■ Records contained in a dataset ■
#####

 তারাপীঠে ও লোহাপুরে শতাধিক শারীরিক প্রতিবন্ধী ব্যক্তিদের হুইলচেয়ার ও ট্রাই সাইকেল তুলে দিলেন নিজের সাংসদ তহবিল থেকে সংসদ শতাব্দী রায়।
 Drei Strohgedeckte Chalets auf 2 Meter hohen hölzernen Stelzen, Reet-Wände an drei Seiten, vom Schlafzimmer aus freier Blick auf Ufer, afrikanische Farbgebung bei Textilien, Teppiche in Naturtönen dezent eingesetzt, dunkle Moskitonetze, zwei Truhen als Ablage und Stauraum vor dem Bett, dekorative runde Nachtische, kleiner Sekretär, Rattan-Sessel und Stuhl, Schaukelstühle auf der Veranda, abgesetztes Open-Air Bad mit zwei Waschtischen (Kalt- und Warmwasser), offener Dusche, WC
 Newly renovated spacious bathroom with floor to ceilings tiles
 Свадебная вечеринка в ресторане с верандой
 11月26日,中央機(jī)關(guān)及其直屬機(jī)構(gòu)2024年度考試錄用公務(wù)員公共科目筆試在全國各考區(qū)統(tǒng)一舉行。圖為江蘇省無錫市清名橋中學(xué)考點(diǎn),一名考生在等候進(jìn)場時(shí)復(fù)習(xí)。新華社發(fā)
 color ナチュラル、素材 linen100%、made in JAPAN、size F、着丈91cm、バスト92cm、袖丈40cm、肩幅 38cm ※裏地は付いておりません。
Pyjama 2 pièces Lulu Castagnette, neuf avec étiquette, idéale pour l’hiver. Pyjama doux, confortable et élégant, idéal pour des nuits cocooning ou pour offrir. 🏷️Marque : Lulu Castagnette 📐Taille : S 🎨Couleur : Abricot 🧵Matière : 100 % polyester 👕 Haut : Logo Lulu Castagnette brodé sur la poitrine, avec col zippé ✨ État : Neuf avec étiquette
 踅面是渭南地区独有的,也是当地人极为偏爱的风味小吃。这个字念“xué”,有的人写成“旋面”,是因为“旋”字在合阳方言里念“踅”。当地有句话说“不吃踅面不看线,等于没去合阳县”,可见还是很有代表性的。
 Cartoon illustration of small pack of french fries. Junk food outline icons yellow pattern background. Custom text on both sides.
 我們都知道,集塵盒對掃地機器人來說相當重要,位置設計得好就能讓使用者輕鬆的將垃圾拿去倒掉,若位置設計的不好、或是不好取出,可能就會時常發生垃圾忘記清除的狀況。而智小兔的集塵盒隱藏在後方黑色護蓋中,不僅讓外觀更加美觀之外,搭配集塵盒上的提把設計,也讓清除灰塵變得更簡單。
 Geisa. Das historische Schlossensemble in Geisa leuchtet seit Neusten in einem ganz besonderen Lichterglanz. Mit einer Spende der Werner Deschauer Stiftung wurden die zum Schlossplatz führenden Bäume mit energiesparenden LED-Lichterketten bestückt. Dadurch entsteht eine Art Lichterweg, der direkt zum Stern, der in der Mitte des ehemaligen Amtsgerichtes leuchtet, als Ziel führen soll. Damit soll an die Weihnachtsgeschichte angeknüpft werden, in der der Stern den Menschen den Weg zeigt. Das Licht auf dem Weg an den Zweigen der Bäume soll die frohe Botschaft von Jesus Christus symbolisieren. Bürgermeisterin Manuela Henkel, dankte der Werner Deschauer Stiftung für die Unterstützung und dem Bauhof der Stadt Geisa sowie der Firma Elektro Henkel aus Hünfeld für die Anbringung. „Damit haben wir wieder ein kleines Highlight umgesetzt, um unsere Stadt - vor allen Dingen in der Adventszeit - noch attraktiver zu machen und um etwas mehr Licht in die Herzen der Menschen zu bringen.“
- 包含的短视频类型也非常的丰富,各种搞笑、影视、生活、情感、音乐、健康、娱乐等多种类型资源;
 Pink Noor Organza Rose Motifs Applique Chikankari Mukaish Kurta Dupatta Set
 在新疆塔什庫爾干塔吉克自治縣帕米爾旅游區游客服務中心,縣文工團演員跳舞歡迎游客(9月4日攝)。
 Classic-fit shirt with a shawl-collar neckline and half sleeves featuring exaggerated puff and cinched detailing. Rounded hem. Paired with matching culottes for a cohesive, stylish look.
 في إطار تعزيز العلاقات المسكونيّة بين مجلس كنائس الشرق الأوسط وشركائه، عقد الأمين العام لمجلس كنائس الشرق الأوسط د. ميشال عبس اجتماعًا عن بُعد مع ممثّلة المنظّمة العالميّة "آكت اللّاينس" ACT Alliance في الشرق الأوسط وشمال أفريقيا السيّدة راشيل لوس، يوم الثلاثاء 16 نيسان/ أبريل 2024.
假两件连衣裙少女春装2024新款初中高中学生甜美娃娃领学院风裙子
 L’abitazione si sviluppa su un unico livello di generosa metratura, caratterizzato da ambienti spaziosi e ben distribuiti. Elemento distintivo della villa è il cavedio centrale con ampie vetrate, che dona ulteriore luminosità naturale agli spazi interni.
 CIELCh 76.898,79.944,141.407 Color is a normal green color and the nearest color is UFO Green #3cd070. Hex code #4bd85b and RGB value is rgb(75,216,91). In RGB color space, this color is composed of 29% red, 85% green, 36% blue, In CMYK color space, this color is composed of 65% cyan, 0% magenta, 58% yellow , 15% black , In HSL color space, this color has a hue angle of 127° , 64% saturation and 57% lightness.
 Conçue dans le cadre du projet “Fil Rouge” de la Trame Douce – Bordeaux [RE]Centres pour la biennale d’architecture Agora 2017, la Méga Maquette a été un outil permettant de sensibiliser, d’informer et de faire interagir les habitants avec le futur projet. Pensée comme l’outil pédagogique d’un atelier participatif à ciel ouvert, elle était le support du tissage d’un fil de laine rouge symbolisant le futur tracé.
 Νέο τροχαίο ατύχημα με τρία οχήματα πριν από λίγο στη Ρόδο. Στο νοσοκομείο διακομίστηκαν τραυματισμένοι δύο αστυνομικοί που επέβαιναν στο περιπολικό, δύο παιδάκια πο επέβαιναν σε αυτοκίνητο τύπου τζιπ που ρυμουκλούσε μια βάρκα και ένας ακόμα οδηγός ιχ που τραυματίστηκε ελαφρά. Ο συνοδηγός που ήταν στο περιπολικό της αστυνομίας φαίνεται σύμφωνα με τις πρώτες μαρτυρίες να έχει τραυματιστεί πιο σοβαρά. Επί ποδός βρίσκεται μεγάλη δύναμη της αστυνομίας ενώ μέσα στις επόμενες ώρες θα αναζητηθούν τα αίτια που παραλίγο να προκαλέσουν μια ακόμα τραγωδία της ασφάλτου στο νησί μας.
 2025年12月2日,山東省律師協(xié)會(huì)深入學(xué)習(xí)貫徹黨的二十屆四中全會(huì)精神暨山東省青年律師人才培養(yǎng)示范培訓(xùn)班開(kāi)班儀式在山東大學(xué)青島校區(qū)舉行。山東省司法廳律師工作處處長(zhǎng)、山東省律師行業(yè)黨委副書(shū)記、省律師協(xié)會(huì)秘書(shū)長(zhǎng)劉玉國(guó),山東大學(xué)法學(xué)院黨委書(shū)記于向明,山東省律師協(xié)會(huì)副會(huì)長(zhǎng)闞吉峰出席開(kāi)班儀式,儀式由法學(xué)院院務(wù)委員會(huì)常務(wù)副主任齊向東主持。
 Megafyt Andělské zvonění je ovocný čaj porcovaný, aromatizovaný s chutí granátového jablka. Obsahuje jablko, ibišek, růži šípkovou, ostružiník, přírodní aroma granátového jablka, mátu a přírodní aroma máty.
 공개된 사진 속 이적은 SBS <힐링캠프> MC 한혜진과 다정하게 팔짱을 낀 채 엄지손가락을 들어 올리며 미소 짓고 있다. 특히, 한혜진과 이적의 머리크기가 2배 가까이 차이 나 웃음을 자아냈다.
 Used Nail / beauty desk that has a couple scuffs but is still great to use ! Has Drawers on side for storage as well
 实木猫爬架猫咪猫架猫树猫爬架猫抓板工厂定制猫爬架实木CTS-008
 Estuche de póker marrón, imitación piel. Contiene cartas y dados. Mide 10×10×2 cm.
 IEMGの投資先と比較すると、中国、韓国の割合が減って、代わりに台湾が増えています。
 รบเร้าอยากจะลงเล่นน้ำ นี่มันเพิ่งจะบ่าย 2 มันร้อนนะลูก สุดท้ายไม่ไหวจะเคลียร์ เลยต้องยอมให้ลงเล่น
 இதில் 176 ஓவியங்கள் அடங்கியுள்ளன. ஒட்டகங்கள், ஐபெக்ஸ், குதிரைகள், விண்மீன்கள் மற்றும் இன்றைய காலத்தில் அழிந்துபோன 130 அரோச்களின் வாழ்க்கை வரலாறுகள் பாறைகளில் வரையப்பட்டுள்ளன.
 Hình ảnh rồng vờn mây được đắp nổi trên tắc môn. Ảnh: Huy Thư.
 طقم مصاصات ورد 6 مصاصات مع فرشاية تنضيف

#####

■ Task requirements ■
From the data above, copy out every line with the string "color" in it.

■ Your response ■
 color ナチュラル、素材 linen100%、made in JAPAN、size F、着丈91cm、バスト92cm、袖丈40cm、肩幅 38cm ※裏地は付いておりません。
 CIELCh 76.898,79.944,141.407 Color is a normal green color and the nearest color is UFO Green #3cd070. Hex code #4bd85b and RGB value is rgb(75,216,91). In RGB color space, this color is composed of 29% red, 85% green, 36% blue, In CMYK color space, this color is composed of 65% cyan, 0% magenta, 58% yellow , 15% black , In HSL color space, this color has a hue angle of 127° , 64% saturation and 57% lightness.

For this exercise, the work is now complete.